I had my first flat (rear) yesterday but after repairing it (new tube, patched tire, etc.), there is now a creaking sound only when I shift the rear derailleur to a bigger cog. It sounds like the cable is being pulled tight. What is this sound? I readjusted my derailleur also so it shifts fine...


----------



## PJ352 (Dec 5, 2007)

notwist said:


> I had my first flat (rear) yesterday but after repairing it (new tube, patched tire, etc.), there is now a creaking sound only when I shift the rear derailleur to a bigger cog. It sounds like the cable is being pulled tight. What is this sound? I readjusted my derailleur also so it shifts fine...


The two things may be unrelated. First thing I'd check is the BB cable guide for dirt/ grit. Sometimes as the cable is pulled taut against the guide it'll make the noise that you describe. An easy fix is to set the derailleur at the smallest cog and clean the guide and cable, then lightly lube both. If the cable is too tight against the guide to clean, you'll have to loosen it at the der. and then reinstall/ adjust when done. 

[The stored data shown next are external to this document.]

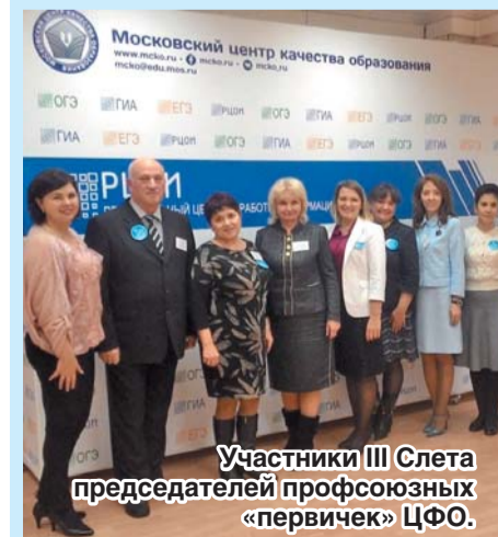
Участники III Слета председателей профсоюзных организаций ЦФО

Программа слета была интересной, насыщенной и очень полезной. За что организаторам – большое спасибо!
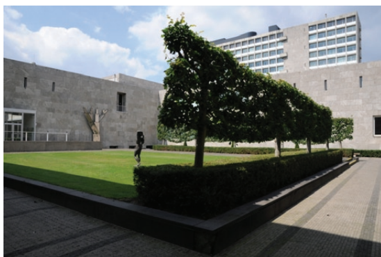
De binnentuin van de RK Economische Hogeschool Tilburg
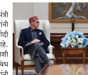
पहलगाम दहशतवादी हल्ल्यानंतर महत्वाची बैठक

दैनिक यश सिद्धि न्यूज नेटवर्क श्रीनगर : जम्मू-काश्मीरचे मुख्यमंत्री उमर अब्दुल्ला (जारी लव्जिथ्रर) यांनी शनिवारी दिल्लीत पंतप्रधान नरेंद्र मोदी (झूच चेवळ) यांची भेट घेतली आहे. यावेळी उमर अब्दुल्ला यांनी त्यांच्याशी पहलगाम दहशतवादी हल्ल्यासह विविध मुद्द्यांवर चर्चा केली आहे, अधिकाऱ्यांनी ही माहिती दिली. पंतप्रधानांच्या निवासस्थानी दोन्ही नेत्यांमधील ही बैठक सुमारे अर्धा तास चालली असल्याचे समजते. पहलगाम येथे झालेल्या दहशतवादी हल्ल्यानंतर दोन्ही नेत्यांमधील ही पहिलीच भेट आहे. या दहशतवादी हल्ल्यात २६ जणांचा मृत्यू झाला. त्यापैकी बहुतेक पर्यटक होते. जम्मू आणि काश्मीरचे मुख्यमंत्री उमर अब्दुल्ला यांनी दिल्लीत पंतप्रधान नरेंद्र मोदी यांची भेट घेतली आणि केंद्रशासित प्रदेशातील परिस्थितीवर चर्चा केली. काही वेळापूर्वीच ते पंतप्रधान निवासस्थानाहून रवाना झाले. पंतप्रधानांच्या निवासस्थानात झालेली ही बैठक सुमारे ३० मिनिटे चालली. पहलगाममधील दहशतवादी हल्ल्यानंतर या बैठकीला महत्त्व प्राप्त झाले आहे.
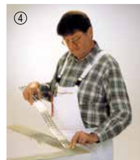
▲ ... og trykker det ned i mørtlen. Og det var det!

This is a start, but if it ends up not being the problem, you'll need to narrow down the section of cable/ housing (between shifter and derailleur) that's causing the noise.


----------



## livin4lax09 (Mar 15, 2008)

yup. ive had that happen many times. in my experience it was always the cable guide. Flip the bike upside down, drip a little lube onto the cables and shift a bit, and you should be good to go.


----------



## JCavilia (Sep 12, 2005)

PJ352 said:


> T An easy fix is to set the derailleur at the smallest cog and clean the guide and cable, then lightly lube both. If the cable is too tight against the guide to clean, you'll have to loosen it at the der. and then reinstall/ adjust when done..



A trick to make this easier, and avoid having to detach and re-attach the cable. Shift onto the largest cog, and then move the shifter all the way to the small-cog position, but _do not turn the cranks_. The cable will go slack, since the chain being hung up on the large cog will prevent the derailleur from moving. Clean and lube the cable and guide, then move the shifter back and you're done.


----------



## PJ352 (Dec 5, 2007)

JCavilia said:


> A trick to make this easier, and avoid having to detach and re-attach the cable. Shift onto the largest cog, and then move the shifter all the way to the small-cog position, but _do not turn the cranks_. The cable will go slack, since the chain being hung up on the large cog will prevent the derailleur from moving. Clean and lube the cable and guide, then move the shifter back and you're done.


Ah, good thought, JC. Just have to be careful that once slack, the cable doesn't pull out of the cable hook within the shifter. And if it does, reposition it when taking up the slack.


----------



## notwist (Feb 26, 2009)

thanks! just applied a dab of lube on the cable guide and the creak is gone


----------